__Stored data__.
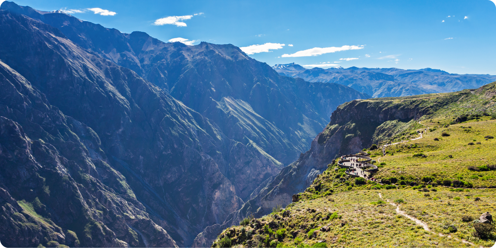 Zij produceren een van de fijnste en duurste wol ter wereld. We doorkruisen diverse adembenemende landschappen die van woestijnachtige vlaktes geleidelijk overgaan in de subtropische en weelderige Colca-vallei. We eindigen in het mooi Pozo del Cielo hotel. Diegene die er zin in hebben kunnen naar de deugddoende vulkanische thermische baden van Chivay gaan (facultatief).
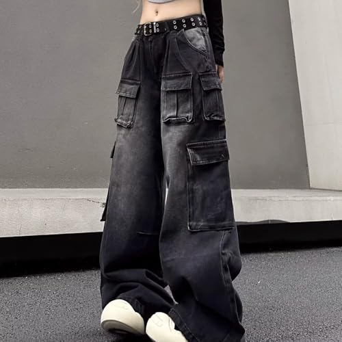 More information about Summer Plus Size Baggy Straight Wide Leg Jeans for Women Unisex Washed Black Multi-Pocket Cargo Denim Pants
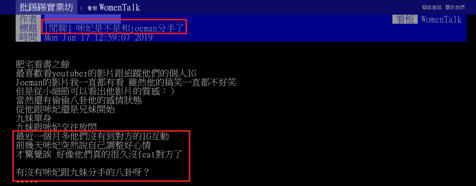 近期,有網友在PTT上發文,以「咪妃是不是和Joeman分手了」為題,文中指出雙方近一個多月都沒有互動,而且也不再出現在彼此的影片中,除此之外,「咪妃」更於本月15日PO文透露自己遭遇到了「很崩潰難受的事情」,更表示「過了快一個月,心態調整後已經好很多,也慢慢走出來了!」,引發許多的揣測,還有人直接在「Joeman」的IG版面上直問「為何最近都沒有咪妃」,卻沒得到回應。
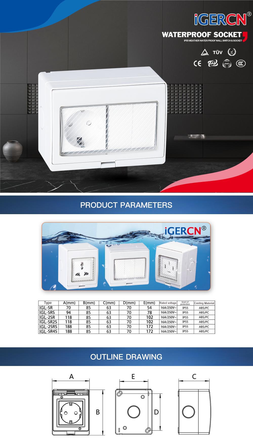 IGL-SR2S(2Gang Switch 1Gang Socket 16A/250V~)

__What to produce__. When you find the line that contains "More information about", retype it and every line after it through the end of the data above, exactly, with no pictures.

__Task answer__.
 More information about Summer Plus Size Baggy Straight Wide Leg Jeans for Women Unisex Washed Black Multi-Pocket Cargo Denim Pants
 近期,有網友在PTT上發文,以「咪妃是不是和Joeman分手了」為題,文中指出雙方近一個多月都沒有互動,而且也不再出現在彼此的影片中,除此之外,「咪妃」更於本月15日PO文透露自己遭遇到了「很崩潰難受的事情」,更表示「過了快一個月,心態調整後已經好很多,也慢慢走出來了!」,引發許多的揣測,還有人直接在「Joeman」的IG版面上直問「為何最近都沒有咪妃」,卻沒得到回應。
 IGL-SR2S(2Gang Switch 1Gang Socket 16A/250V~)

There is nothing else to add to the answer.